Analysis: Readers are encouraged to support Voxi’s stance since his use of logic, ‘you can protest about them anyway’ and reason, ‘let’s face it, the pictures we see are not real-time images’ makes clear that ‘privacy issues’ is not a valid point to denounce technology.

 

#14

Persuasive technique: Humourous tone

Example: ‘Besides, the hot air balloon people are always hovering over my back yard and looking into my windows too.’

Analysis: Through adopting a humourous tone in pointing out the irony of people’s concerns about ‘privacy issues’ when ‘hot air balloon people are always hovering over my back yard and looking into my windows too,’ Voxi attempts to assure readers that online privacy is no less risky than their privacy at home.

 

#15

Persuasive technique: Appeal to convenience

Example: ‘Why go to a library when you can sit at your desk and look up Wikipedia or Google Scholar, or Ask Jeeves?’

Analysis: Through posing the rhetorical question, ‘Why go to a library when you can sit at your desk and look up Wikipedia or Google Scholar, or Ask Jeeves?’, Voxi appeals to readers’ sense of convenience since the benefits of merely ‘sitting’ at home clearly outweighs the effort of travelling to a library.

 

#16

Persuasive technique: Inclusive language

Example: ‘Let’s be excited – keep being excited.’

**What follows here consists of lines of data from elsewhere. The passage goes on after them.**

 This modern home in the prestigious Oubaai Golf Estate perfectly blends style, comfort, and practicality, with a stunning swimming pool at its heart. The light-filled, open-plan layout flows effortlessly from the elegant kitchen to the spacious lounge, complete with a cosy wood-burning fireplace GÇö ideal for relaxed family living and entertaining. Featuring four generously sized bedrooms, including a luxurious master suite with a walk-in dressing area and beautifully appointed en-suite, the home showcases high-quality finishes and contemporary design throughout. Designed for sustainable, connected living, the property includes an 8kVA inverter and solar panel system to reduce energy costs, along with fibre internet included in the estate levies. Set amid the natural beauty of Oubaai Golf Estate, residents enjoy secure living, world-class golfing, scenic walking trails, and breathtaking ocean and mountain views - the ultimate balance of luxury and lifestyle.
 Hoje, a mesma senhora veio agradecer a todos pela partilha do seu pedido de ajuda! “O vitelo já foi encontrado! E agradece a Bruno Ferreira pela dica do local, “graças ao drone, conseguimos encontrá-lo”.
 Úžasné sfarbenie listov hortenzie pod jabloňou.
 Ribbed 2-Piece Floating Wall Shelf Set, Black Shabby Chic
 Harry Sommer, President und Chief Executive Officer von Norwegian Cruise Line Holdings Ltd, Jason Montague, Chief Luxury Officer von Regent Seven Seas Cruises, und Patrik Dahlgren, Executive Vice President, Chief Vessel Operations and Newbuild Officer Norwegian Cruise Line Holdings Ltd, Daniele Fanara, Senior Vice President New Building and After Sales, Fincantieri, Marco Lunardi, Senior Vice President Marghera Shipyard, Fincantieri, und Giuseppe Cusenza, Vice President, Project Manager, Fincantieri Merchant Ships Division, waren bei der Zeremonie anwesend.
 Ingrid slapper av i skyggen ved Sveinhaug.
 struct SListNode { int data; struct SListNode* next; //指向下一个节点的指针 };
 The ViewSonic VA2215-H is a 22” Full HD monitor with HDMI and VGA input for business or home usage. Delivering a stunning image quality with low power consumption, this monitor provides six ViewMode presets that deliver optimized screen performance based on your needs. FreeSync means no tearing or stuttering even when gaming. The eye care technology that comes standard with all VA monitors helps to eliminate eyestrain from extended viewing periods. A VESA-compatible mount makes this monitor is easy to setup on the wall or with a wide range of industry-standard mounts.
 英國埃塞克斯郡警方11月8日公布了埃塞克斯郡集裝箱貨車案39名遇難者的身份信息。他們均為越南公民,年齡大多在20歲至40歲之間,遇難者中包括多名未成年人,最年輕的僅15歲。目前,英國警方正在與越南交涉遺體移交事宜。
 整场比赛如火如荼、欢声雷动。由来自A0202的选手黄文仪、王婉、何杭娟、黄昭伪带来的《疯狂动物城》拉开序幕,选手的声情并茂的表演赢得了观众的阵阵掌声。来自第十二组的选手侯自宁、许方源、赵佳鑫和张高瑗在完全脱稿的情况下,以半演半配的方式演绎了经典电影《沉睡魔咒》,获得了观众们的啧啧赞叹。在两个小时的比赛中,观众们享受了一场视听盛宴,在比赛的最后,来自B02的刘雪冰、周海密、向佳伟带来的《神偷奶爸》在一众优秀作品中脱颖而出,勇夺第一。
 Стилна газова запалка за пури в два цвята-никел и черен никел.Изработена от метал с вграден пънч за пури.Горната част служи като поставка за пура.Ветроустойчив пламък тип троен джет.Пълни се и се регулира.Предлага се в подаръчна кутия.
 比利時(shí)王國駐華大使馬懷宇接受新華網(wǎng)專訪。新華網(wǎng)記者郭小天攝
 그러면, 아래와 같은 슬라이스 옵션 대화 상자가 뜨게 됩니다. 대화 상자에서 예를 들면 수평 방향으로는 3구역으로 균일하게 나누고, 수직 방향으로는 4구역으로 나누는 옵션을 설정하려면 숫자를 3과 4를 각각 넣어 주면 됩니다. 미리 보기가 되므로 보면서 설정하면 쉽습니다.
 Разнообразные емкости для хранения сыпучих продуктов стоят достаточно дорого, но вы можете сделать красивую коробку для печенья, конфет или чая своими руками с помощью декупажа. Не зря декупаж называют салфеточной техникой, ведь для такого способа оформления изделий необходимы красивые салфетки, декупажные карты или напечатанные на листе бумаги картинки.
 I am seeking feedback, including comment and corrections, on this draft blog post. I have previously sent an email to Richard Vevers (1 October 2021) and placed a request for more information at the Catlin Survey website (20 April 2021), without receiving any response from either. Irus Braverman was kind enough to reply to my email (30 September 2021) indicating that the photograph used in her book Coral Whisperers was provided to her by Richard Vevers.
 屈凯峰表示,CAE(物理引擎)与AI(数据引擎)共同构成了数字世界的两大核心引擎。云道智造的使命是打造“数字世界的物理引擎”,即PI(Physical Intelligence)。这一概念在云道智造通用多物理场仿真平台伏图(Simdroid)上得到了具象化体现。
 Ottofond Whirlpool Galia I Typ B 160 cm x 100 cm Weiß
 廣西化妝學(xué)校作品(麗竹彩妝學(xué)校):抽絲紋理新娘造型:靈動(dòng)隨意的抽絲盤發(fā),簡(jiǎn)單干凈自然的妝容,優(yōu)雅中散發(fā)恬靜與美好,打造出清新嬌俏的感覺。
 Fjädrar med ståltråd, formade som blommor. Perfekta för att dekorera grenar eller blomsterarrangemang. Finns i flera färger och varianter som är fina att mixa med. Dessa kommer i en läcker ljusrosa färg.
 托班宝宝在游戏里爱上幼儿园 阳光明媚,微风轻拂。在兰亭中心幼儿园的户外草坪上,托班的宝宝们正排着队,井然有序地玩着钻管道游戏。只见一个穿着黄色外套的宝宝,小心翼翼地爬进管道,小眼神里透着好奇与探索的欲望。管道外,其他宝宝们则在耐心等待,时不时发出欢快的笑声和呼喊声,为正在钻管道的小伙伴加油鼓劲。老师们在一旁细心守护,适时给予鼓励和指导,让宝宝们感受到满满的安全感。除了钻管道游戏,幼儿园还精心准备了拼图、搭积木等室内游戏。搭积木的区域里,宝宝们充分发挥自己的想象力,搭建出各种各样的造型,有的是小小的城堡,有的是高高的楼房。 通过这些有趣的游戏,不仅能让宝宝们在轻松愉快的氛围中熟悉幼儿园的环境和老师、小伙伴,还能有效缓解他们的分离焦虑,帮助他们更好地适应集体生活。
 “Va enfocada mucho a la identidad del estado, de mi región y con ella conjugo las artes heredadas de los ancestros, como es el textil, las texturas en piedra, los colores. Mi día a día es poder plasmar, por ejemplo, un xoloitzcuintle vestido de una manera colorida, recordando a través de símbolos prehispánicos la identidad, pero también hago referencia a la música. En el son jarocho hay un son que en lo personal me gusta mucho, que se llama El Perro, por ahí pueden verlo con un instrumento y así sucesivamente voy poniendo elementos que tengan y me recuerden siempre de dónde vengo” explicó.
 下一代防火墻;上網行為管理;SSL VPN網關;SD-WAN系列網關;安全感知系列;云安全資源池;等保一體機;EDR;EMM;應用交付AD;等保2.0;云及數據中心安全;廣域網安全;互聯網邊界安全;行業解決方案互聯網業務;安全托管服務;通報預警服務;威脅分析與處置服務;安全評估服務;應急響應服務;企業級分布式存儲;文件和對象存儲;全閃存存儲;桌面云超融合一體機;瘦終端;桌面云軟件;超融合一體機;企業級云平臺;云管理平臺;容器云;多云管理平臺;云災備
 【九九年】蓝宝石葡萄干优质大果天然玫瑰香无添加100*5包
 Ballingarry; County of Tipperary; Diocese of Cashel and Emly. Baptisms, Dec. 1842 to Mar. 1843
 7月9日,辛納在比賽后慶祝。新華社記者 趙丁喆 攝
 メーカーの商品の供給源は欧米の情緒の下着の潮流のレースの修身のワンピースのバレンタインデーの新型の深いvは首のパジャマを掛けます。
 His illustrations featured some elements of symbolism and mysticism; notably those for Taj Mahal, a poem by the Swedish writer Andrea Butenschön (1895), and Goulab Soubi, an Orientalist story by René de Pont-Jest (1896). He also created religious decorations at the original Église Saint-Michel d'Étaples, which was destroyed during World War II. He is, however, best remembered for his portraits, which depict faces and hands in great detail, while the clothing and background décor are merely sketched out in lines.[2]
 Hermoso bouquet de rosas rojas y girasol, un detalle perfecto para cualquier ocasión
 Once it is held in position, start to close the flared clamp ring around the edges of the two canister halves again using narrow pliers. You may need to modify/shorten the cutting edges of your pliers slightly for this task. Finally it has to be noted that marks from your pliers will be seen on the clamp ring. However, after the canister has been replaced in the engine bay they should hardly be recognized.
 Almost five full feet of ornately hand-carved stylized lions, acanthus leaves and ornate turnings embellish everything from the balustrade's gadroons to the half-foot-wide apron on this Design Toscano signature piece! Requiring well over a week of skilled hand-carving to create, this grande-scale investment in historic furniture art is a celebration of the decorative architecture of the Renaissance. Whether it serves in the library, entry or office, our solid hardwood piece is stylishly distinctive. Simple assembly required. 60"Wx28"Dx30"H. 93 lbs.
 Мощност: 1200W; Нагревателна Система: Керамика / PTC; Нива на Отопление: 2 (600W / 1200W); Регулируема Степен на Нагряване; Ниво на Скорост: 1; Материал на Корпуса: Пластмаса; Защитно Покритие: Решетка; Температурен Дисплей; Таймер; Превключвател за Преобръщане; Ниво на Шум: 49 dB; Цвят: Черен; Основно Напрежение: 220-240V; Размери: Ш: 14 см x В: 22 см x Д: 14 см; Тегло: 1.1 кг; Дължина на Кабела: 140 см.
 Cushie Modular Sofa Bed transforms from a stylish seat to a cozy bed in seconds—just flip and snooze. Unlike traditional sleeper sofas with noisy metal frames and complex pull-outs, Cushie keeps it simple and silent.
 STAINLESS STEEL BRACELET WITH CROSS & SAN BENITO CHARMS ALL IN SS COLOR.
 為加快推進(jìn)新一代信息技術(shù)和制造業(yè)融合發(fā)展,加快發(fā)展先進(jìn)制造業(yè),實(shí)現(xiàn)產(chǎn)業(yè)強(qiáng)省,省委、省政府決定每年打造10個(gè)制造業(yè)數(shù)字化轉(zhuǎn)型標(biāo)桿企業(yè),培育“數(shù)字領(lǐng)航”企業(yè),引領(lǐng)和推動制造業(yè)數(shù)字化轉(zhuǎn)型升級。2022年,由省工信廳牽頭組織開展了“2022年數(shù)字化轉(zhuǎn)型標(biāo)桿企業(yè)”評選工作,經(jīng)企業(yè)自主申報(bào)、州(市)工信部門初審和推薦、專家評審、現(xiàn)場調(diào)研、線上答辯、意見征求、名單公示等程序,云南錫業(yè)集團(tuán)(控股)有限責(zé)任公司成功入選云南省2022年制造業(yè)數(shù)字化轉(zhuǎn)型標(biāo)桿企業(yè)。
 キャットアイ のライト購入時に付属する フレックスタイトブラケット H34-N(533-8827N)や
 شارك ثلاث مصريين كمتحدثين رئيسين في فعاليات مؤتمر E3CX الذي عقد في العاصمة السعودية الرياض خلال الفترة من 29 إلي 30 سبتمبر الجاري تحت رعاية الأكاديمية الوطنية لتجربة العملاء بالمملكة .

Analysis: The incorporation of inclusive language, ‘let’s’ urges readers to feel as though they are directly part of the issue or somehow responsible for the outcome and thus, may lead readers to become advocators of technology.

 

#17

Persuasive technique: Juxtaposition

Example: ‘We’d still be swinging in the trees or huddling in caves if we’d taken the view that new things are harmful or dangerous or unpredictable.’

Analysis: Through the juxtaposition of current society and history when ‘we…sw[u]ng in the trees or huddl[ed] in caves’, Voxi intends to demonstrate that without taking some risks and disregarding that ‘new things are harmful or dangerous or unpredictable’, society would not have come as far as it has now, and thus, readers should continue to push forward with the new digital age.